START RAW DATA

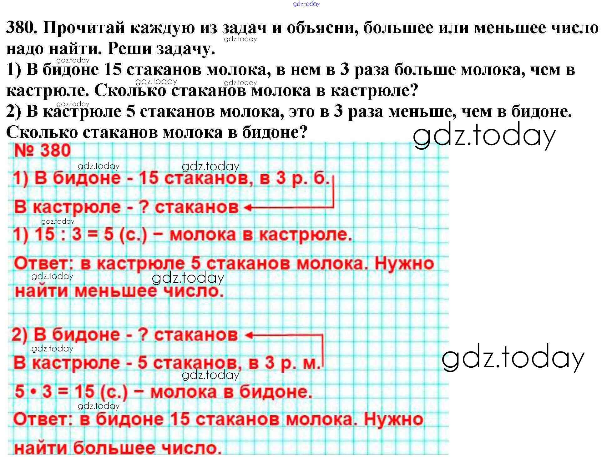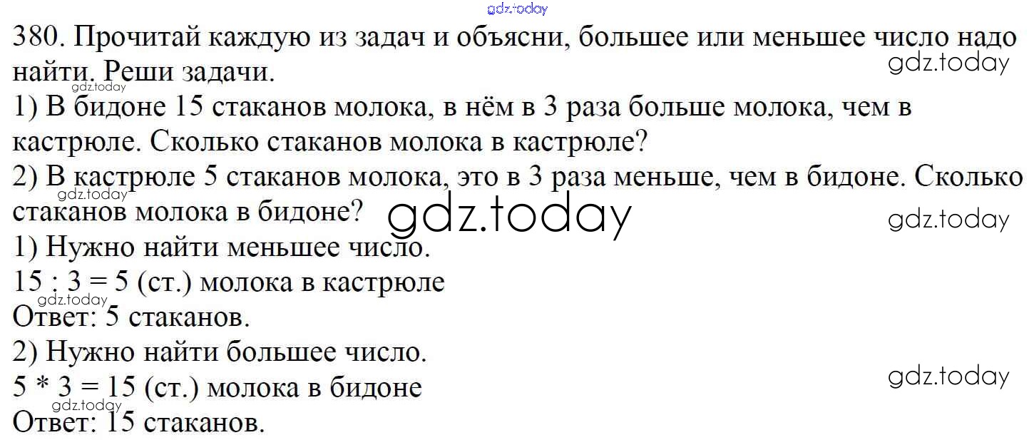 На страницах сайта gdz.today вы найдете учебный и вспомогательный материал, направленный на улучшения знаний школьной программы. ГДЗ - онлайн мир знаний Упражнения Решение к части 1 380 Учебнику по Математике для 4 класса Моро, Бантова Просвещение Школа России 2015
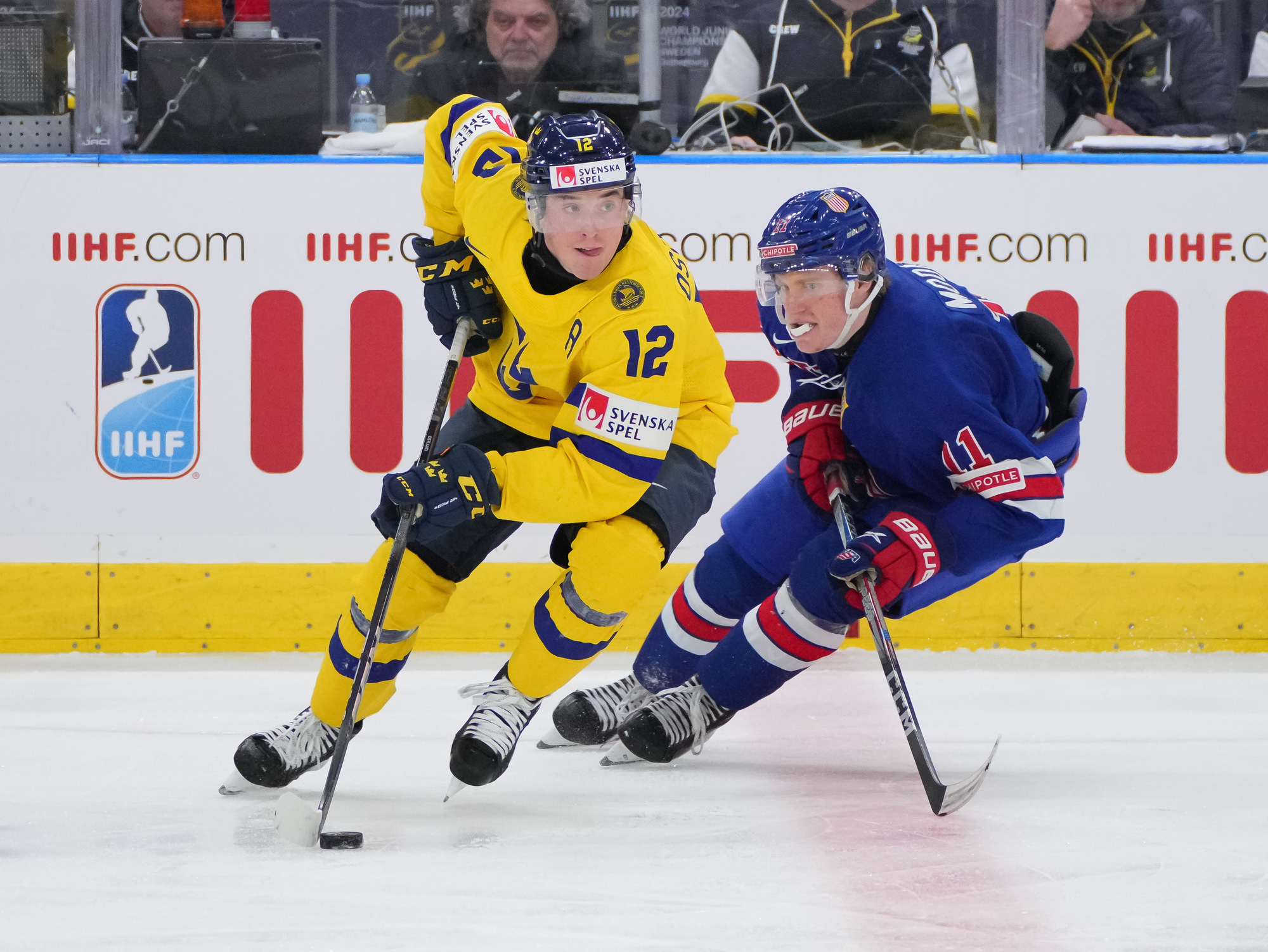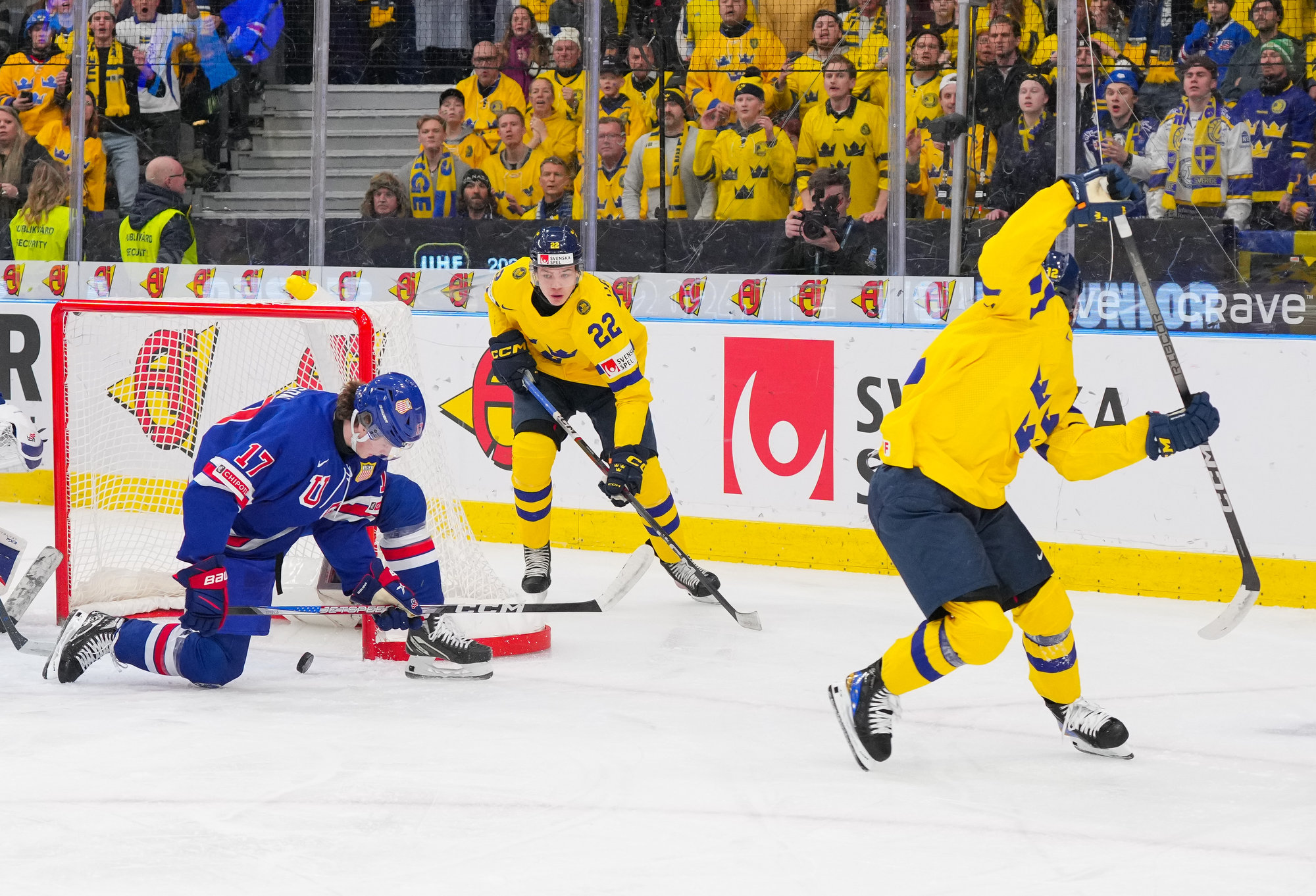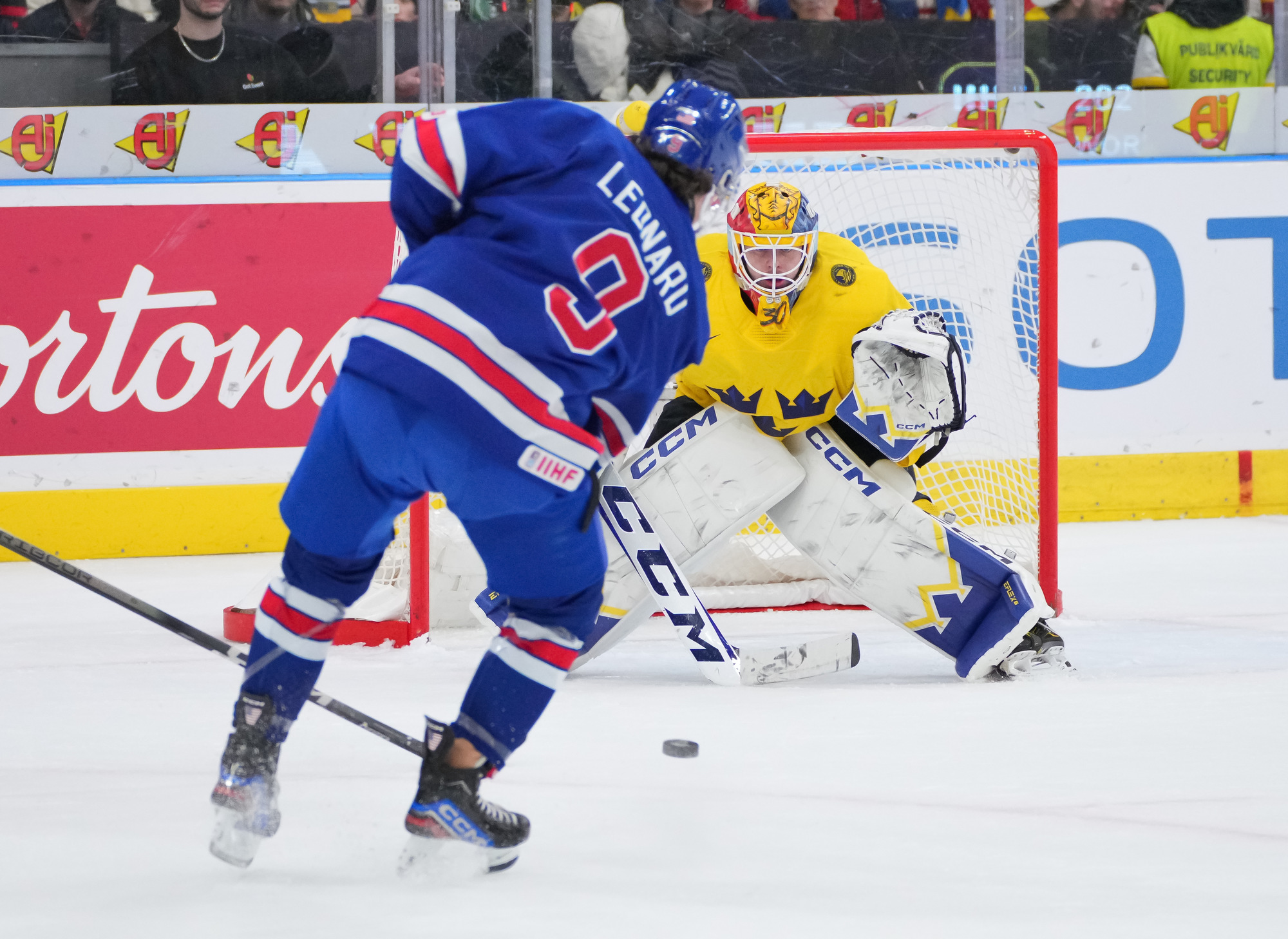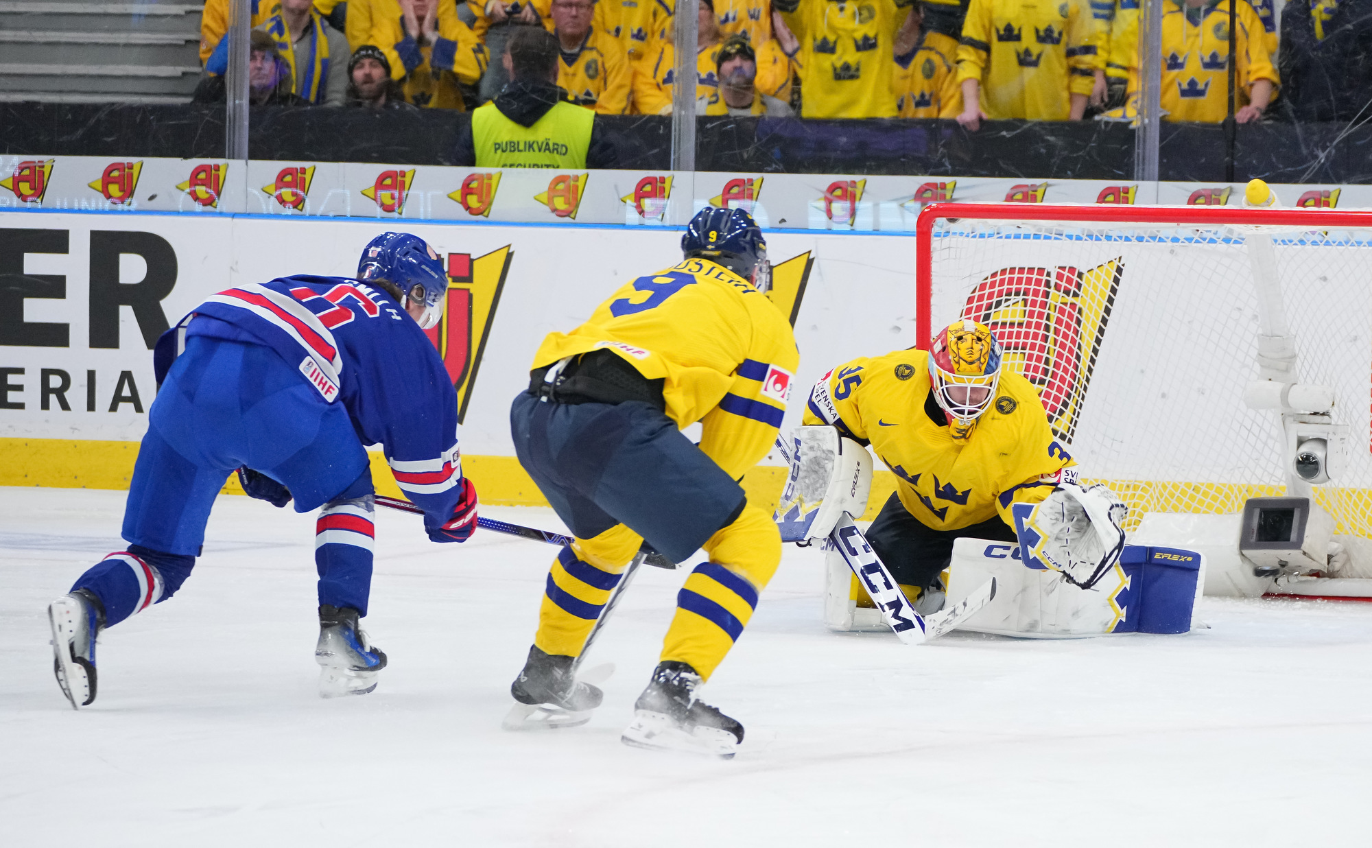 Making matters worse, Ostlund took a double minor for high sticking midway through the period, and although the Swedish penalty killers were flawless, it killed four more minutes off the clock for the U.S. Soon after he came out, Ostlund hit the post, and then he was beaten in his own end to the puck by Ryan Leonard, who converted the play with a nice shot at 16:12, more or less sealing the victory.
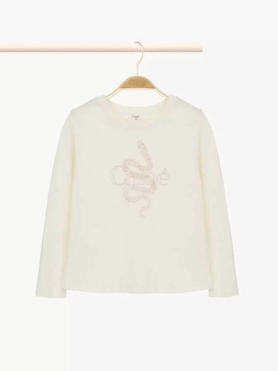 Made from organic cotton jersey, this long-sleeve top elevates a casual, round-neck silhouette with a Chloé logo and snake print at the chest.

END RAW DATA

[WHAT THE TASK ASKS] Retype all the data exactly. Omit pictures.

[YOUR SOLUTION]
 На страницах сайта gdz.today вы найдете учебный и вспомогательный материал, направленный на улучшения знаний школьной программы. ГДЗ - онлайн мир знаний Упражнения Решение к части 1 380 Учебнику по Математике для 4 класса Моро, Бантова Просвещение Школа России 2015
 Making matters worse, Ostlund took a double minor for high sticking midway through the period, and although the Swedish penalty killers were flawless, it killed four more minutes off the clock for the U.S. Soon after he came out, Ostlund hit the post, and then he was beaten in his own end to the puck by Ryan Leonard, who converted the play with a nice shot at 16:12, more or less sealing the victory.
 Made from organic cotton jersey, this long-sleeve top elevates a casual, round-neck silhouette with a Chloé logo and snake print at the chest.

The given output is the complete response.